*** WORKING DATA

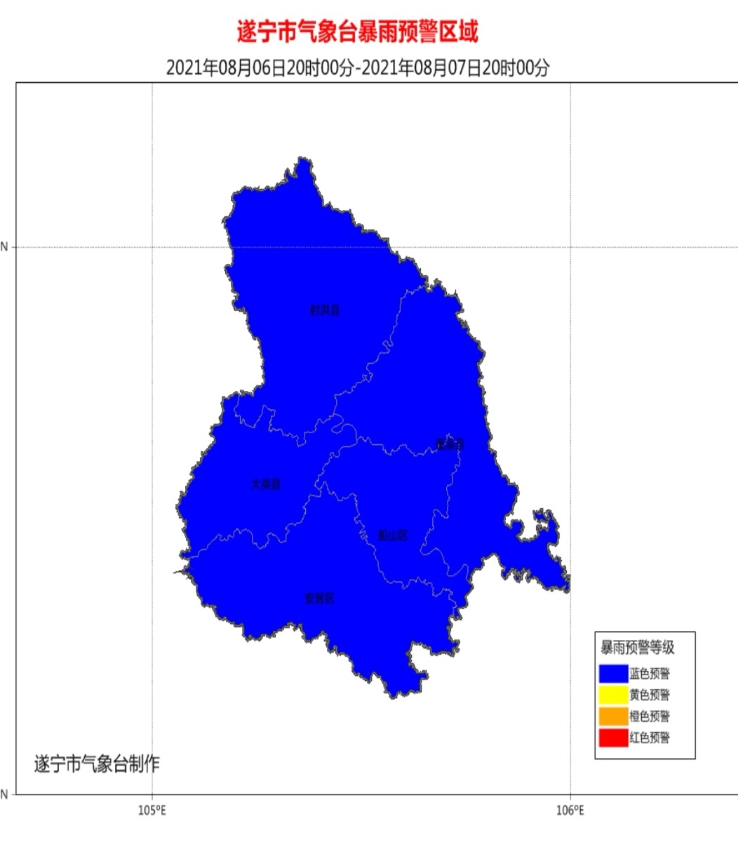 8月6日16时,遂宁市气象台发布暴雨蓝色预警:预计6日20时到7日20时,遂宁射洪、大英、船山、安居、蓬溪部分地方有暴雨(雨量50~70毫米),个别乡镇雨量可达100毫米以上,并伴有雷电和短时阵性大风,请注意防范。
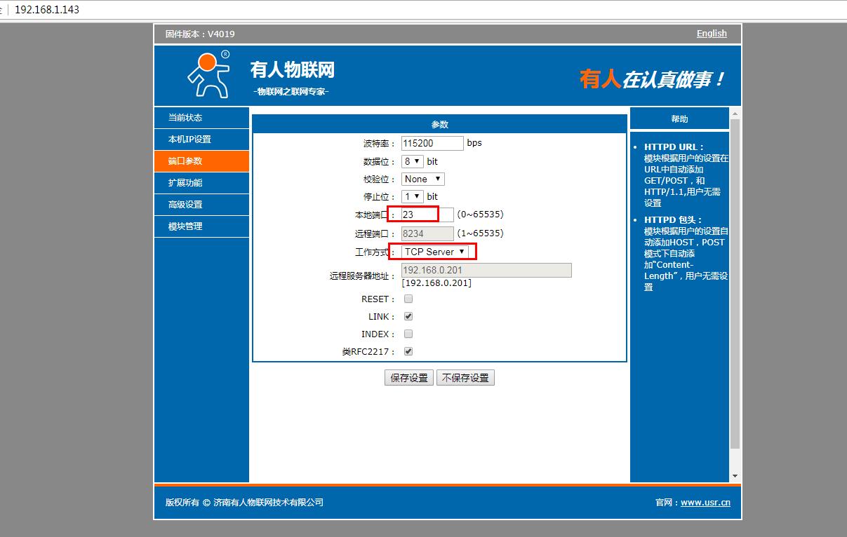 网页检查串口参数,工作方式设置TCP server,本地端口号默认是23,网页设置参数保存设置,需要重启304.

******
*** WORKING DATA

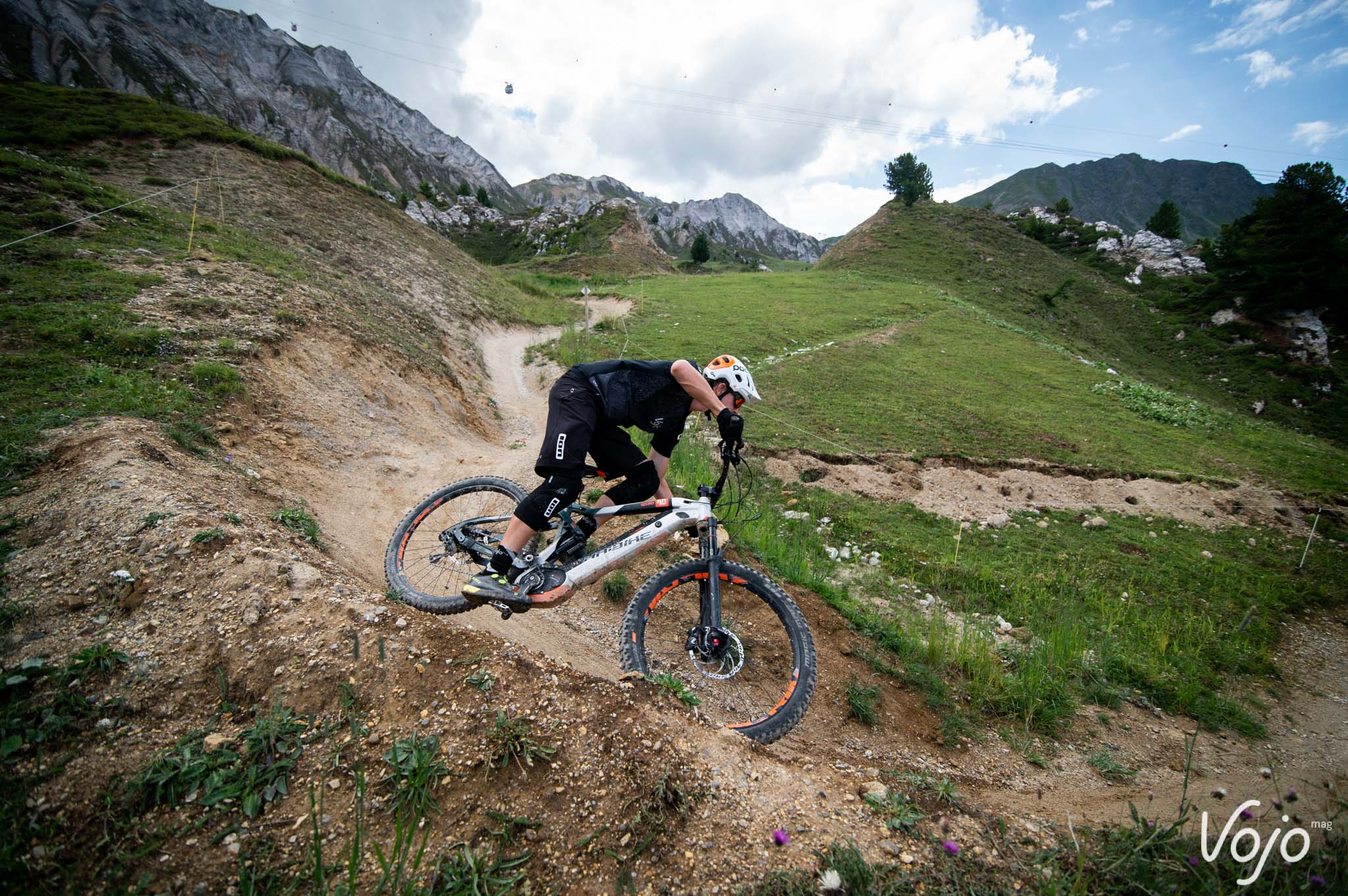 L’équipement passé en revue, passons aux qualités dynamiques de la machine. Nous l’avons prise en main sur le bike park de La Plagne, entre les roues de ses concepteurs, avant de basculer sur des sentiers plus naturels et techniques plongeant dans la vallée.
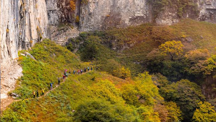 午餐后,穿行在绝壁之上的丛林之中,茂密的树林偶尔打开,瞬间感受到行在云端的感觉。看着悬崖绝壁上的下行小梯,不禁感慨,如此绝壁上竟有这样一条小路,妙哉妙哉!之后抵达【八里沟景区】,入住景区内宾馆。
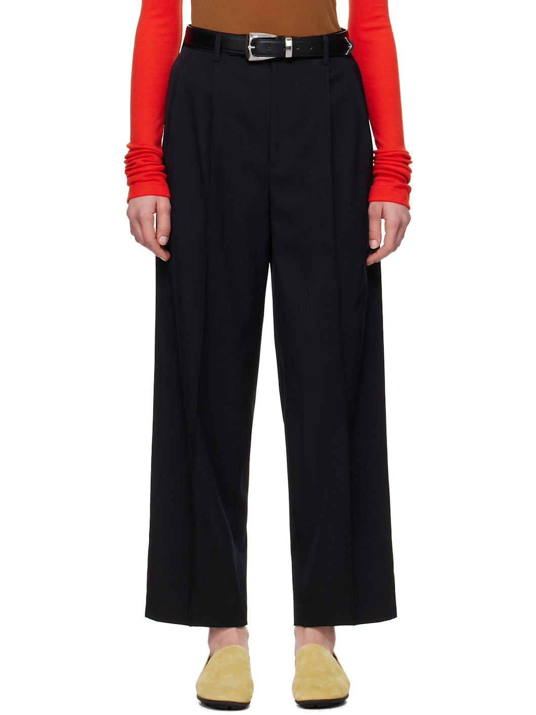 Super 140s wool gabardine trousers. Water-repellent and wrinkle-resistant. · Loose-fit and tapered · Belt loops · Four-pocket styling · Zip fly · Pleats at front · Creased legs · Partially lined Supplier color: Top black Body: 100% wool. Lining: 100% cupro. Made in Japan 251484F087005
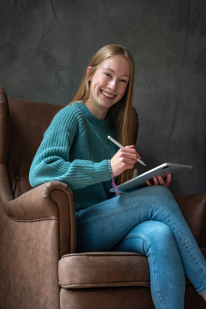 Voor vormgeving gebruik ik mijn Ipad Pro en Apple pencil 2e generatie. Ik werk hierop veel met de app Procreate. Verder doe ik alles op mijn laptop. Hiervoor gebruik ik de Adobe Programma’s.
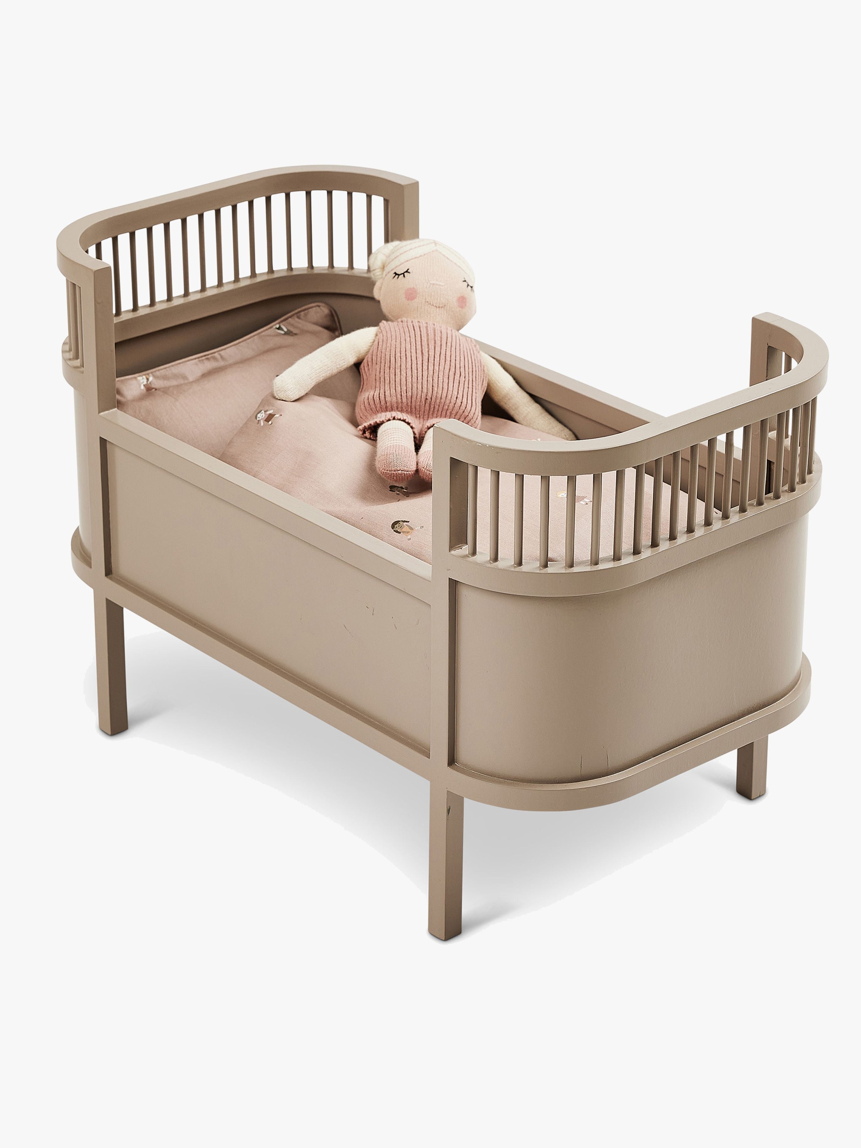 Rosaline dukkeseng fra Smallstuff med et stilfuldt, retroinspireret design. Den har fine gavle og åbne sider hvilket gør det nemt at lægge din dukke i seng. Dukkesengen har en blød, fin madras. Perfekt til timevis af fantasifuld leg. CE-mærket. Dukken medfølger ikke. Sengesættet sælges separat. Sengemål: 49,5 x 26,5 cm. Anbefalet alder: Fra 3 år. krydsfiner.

******
*** WORKING DATA

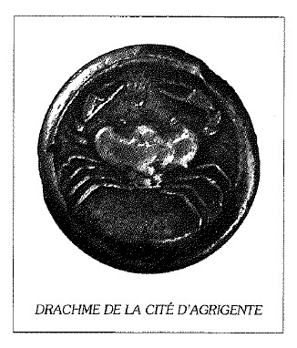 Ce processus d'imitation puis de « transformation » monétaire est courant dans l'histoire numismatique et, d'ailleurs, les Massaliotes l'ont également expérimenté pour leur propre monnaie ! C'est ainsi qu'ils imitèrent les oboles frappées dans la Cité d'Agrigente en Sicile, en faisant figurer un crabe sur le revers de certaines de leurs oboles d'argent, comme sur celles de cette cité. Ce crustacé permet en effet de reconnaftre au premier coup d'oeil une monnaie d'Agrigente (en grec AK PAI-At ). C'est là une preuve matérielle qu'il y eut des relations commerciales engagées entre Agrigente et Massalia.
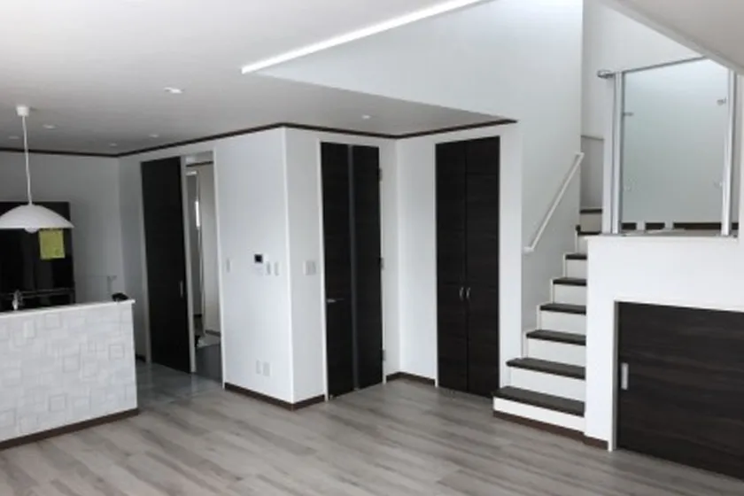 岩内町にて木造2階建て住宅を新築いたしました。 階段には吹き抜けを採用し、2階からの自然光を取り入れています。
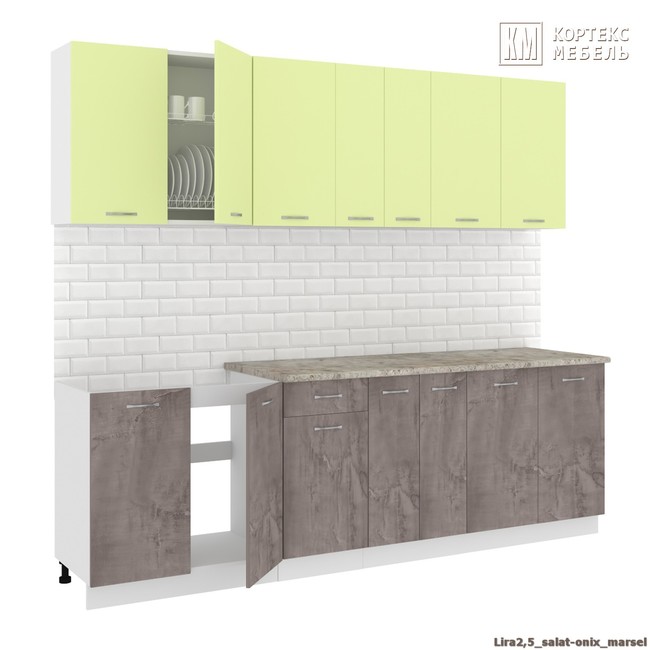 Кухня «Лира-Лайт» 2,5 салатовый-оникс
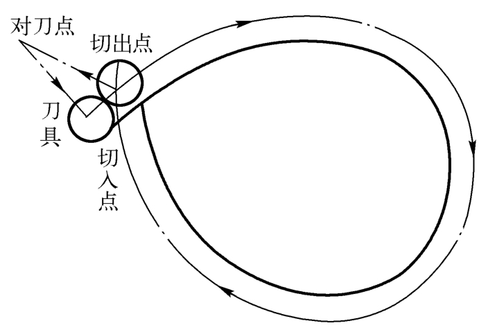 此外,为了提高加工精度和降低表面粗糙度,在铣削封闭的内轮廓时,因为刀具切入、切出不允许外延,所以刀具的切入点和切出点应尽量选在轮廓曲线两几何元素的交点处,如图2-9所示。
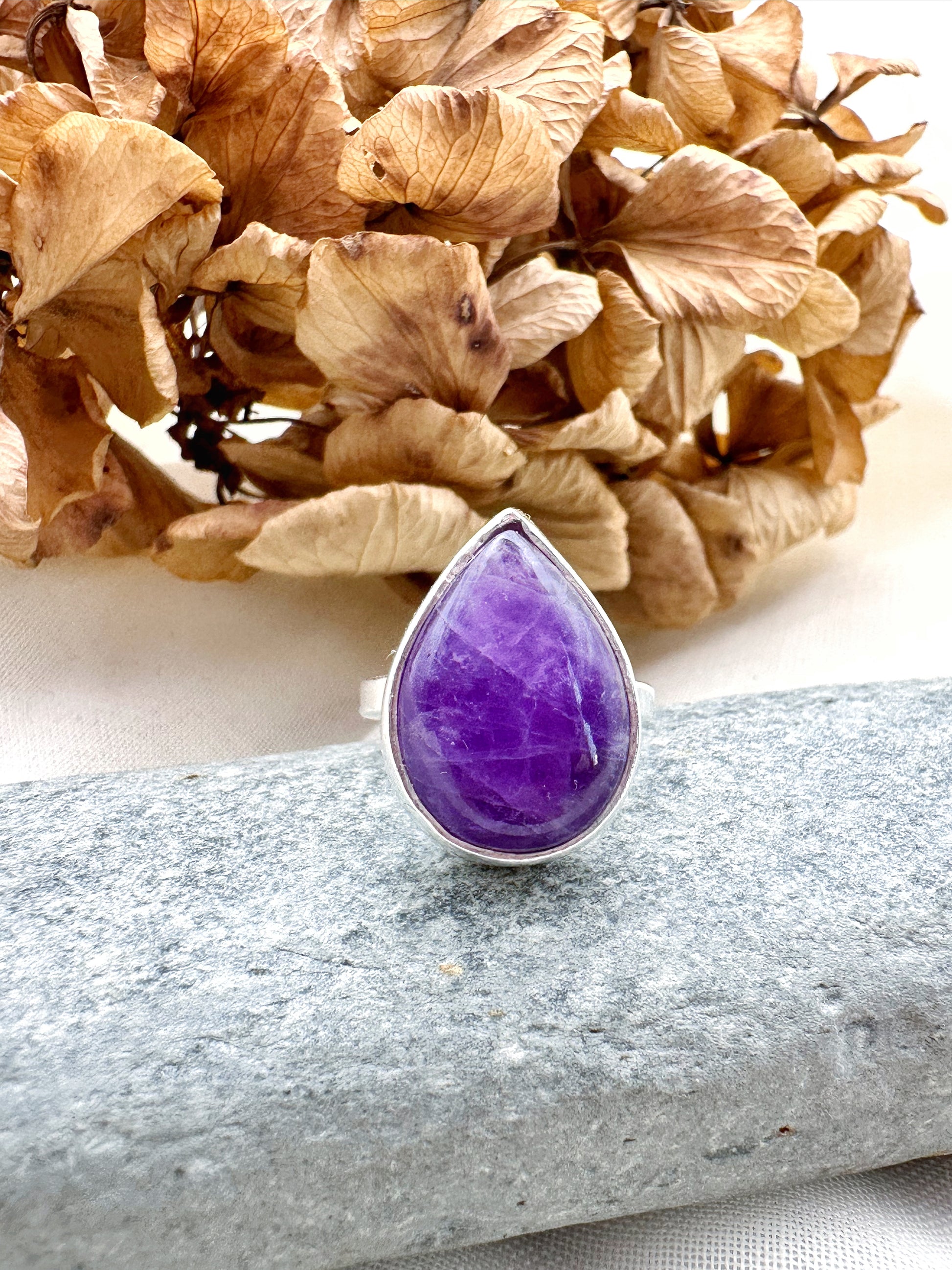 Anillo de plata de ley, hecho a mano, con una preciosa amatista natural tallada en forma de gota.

******

# TASK ITEM:
Give back exactly the lines of the listing above from the one that contains "此外,为了提高加工精度和降低" up to and including the one that contains "Anillo de plata", but not the pictures, and no other lines.

# WRITTEN RESPONSE:
 此外,为了提高加工精度和降低表面粗糙度,在铣削封闭的内轮廓时,因为刀具切入、切出不允许外延,所以刀具的切入点和切出点应尽量选在轮廓曲线两几何元素的交点处,如图2-9所示。
 Anillo de plata de ley, hecho a mano, con una preciosa amatista natural tallada en forma de gota.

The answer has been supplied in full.